▶ **PROBLEM**:
Your copy must hold all of the data below, unchanged and without images.

▶ **STORED DATA**:
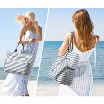G4Free Beach Bag, Waterproof Sandproof Beach Tote Bag, Large Capacity Foldable for Women, Personalized Gifts for Her,Grey Stripe
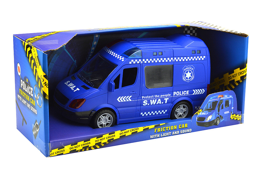 Vozidlo má otevírací dveře a motorek na setrvačník. Stisknutím tlačítka na střeše zapněte světlo a zvuk: Baterie jsou již vložené (3x AG13). Rozměr vozidla je přibližně: 29,5 x 13 x 12 cm
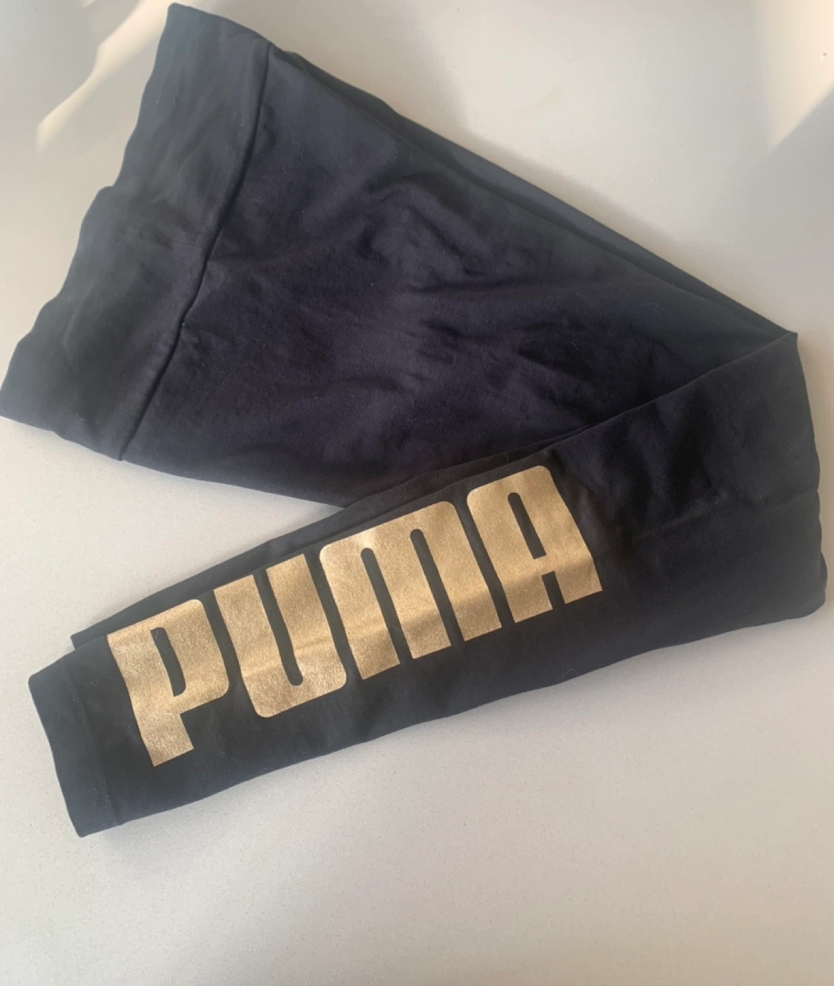 Black Puma leggings. Size XS. Gold Puma logo on one leg and white Puma logo on the other. Cut one of the tags so not sure the material. Excellent condition, barely worn.
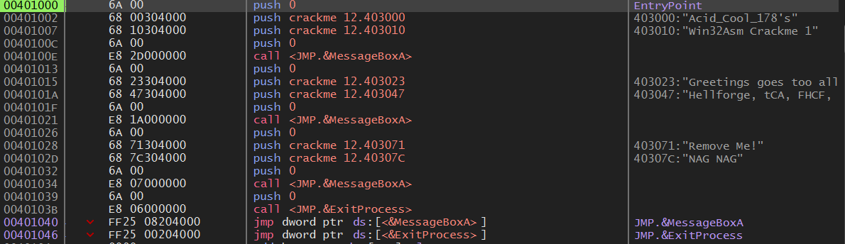 401034 주소의 명령을 보면 MessageBoxA 함수를 호출하는 401040 주소를가 써져있다.
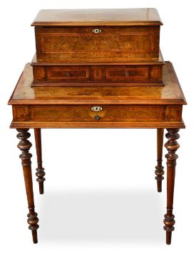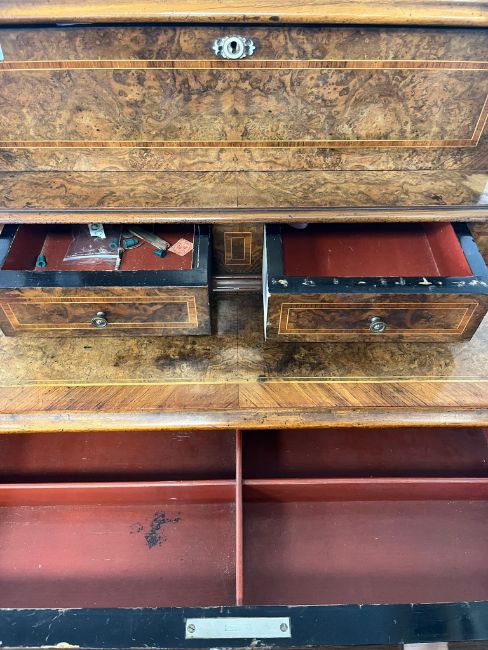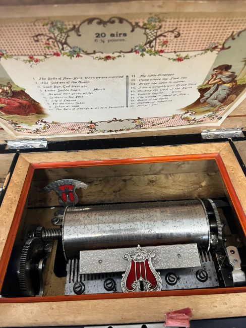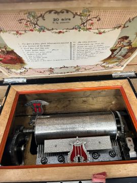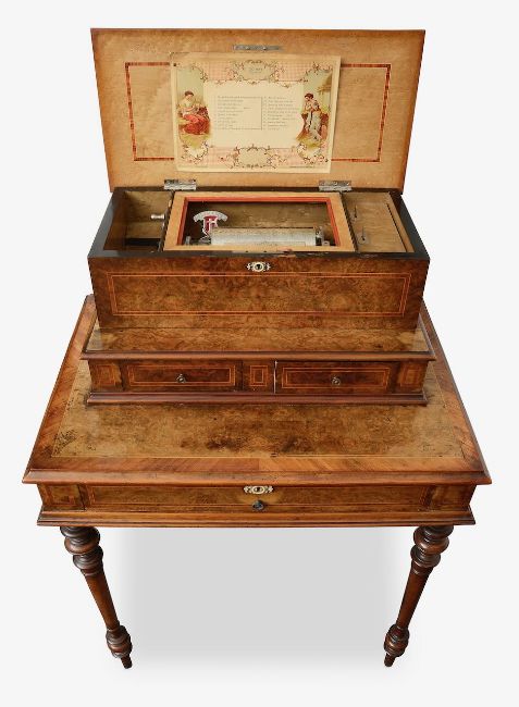 Condition: With no additional cylinders. In working condition. Sound appears to be good and clear. Pins appear to be in good condition and teeth on comb present. Glass cover to musical movement missing. The desk a little wobbly. Overall a good musical box with good sound although sadly missing additional cylinders.
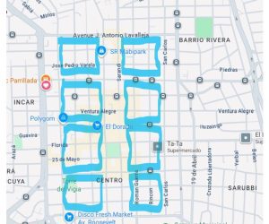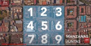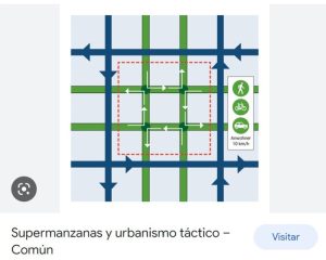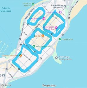 . Plan de supermanzanas para el centro de Maldonado y para la Península. La configuración en damero genera múltiples entrecruzamientos cada 100 mt. y hace posible que dos vehículos que vayan de un punto A a uno B, puedan hacerlo con diferentes trayectos y se entrecrucen muchas veces, multiplicando los riesgos de choque.
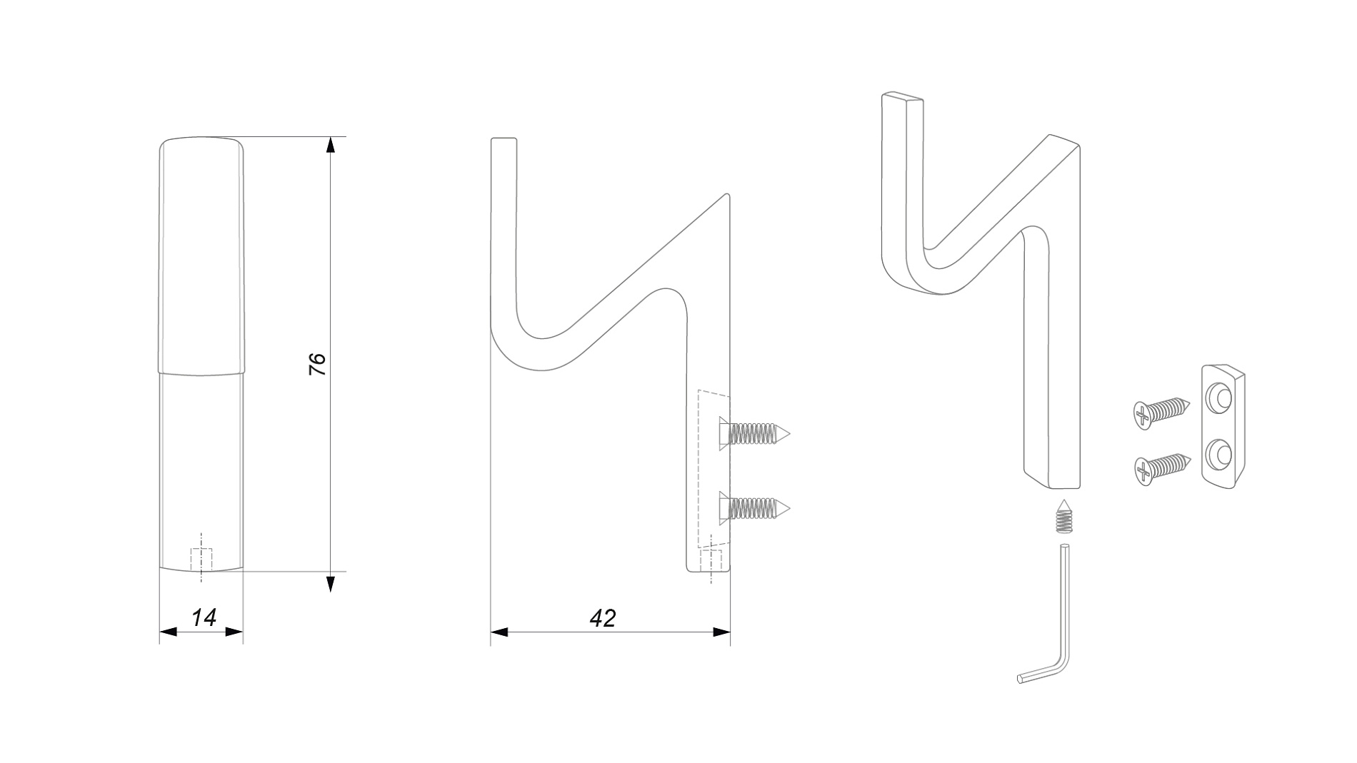 В комплект входит: крючок, крепёжная планка, саморезы 4х18 (2 шт.), крепёжный винт (1 шт.), шестигранный ключ.
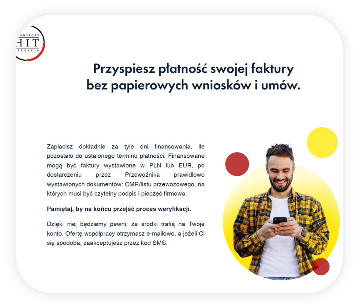 Finansowanie faktury dla przewoźników HiT Transport to usługa polegająca na ekspresowej wypłacie środków za fakturę , którą przewoźnik zgłosi do Partnera - PragmaGO. Usługa dostępna jest dla przewoźnika całkowicie online - nie musi on wypełniać papierowych wniosków i podpisywać papierowych umów - wystarczy, że samodzielnie wypełni wniosek online dostępny na stronie HiT Transport.
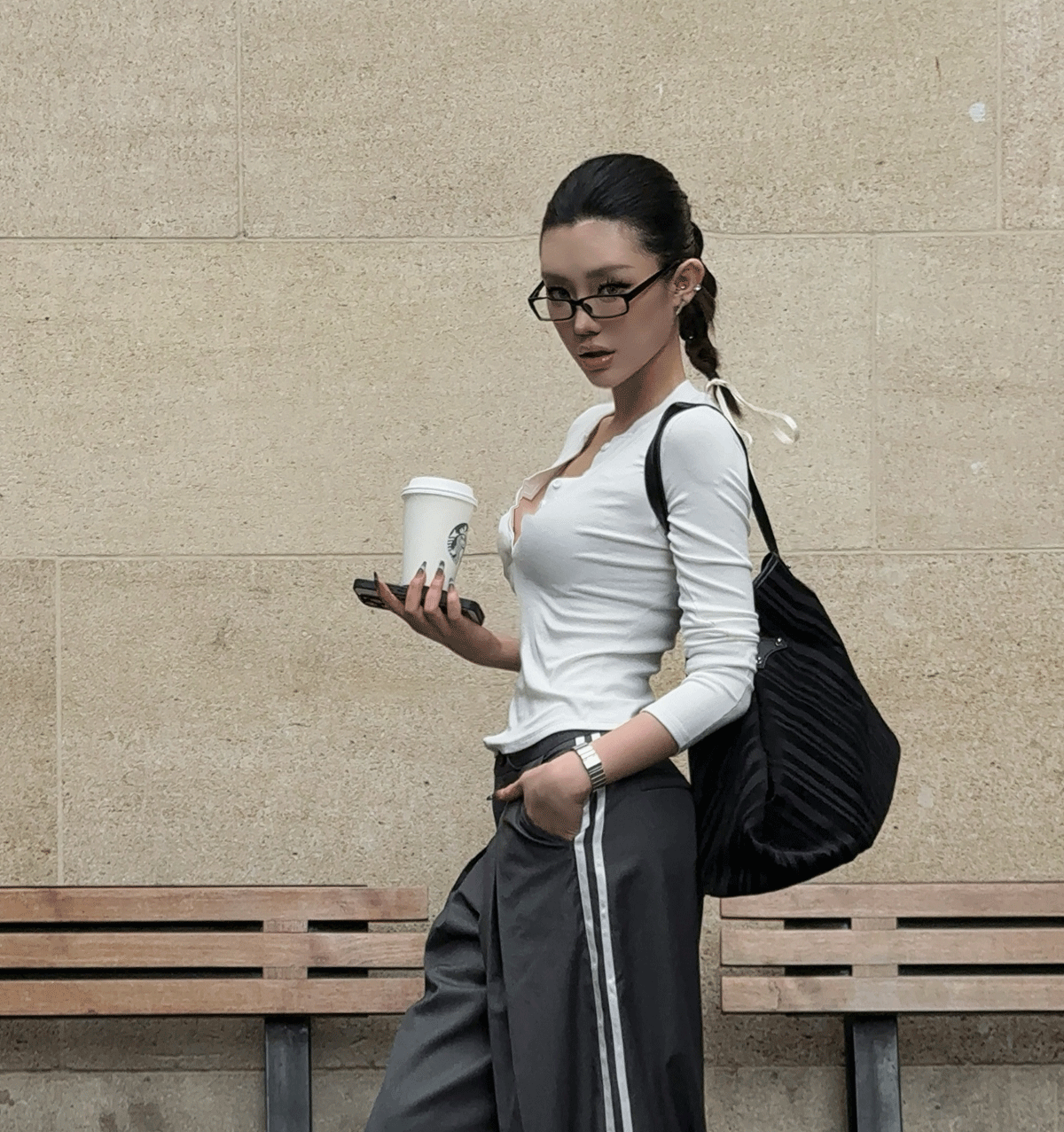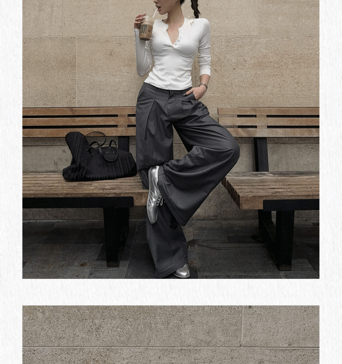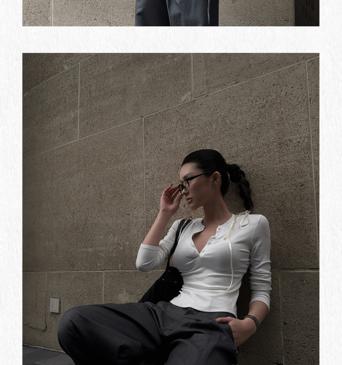 HunterGirl 格雷系排釦亨利衫高級美式簡約顯瘦彈力打底上衣長袖

▶ **SOLUTION FOR THIS TASK**:
G4Free Beach Bag, Waterproof Sandproof Beach Tote Bag, Large Capacity Foldable for Women, Personalized Gifts for Her,Grey Stripe
 Vozidlo má otevírací dveře a motorek na setrvačník. Stisknutím tlačítka na střeše zapněte světlo a zvuk: Baterie jsou již vložené (3x AG13). Rozměr vozidla je přibližně: 29,5 x 13 x 12 cm
 Black Puma leggings. Size XS. Gold Puma logo on one leg and white Puma logo on the other. Cut one of the tags so not sure the material. Excellent condition, barely worn.
 401034 주소의 명령을 보면 MessageBoxA 함수를 호출하는 401040 주소를가 써져있다.
 Condition: With no additional cylinders. In working condition. Sound appears to be good and clear. Pins appear to be in good condition and teeth on comb present. Glass cover to musical movement missing. The desk a little wobbly. Overall a good musical box with good sound although sadly missing additional cylinders.
 . Plan de supermanzanas para el centro de Maldonado y para la Península. La configuración en damero genera múltiples entrecruzamientos cada 100 mt. y hace posible que dos vehículos que vayan de un punto A a uno B, puedan hacerlo con diferentes trayectos y se entrecrucen muchas veces, multiplicando los riesgos de choque.
 В комплект входит: крючок, крепёжная планка, саморезы 4х18 (2 шт.), крепёжный винт (1 шт.), шестигранный ключ.
 Finansowanie faktury dla przewoźników HiT Transport to usługa polegająca na ekspresowej wypłacie środków za fakturę , którą przewoźnik zgłosi do Partnera - PragmaGO. Usługa dostępna jest dla przewoźnika całkowicie online - nie musi on wypełniać papierowych wniosków i podpisywać papierowych umów - wystarczy, że samodzielnie wypełni wniosek online dostępny na stronie HiT Transport.
 HunterGirl 格雷系排釦亨利衫高級美式簡約顯瘦彈力打底上衣長袖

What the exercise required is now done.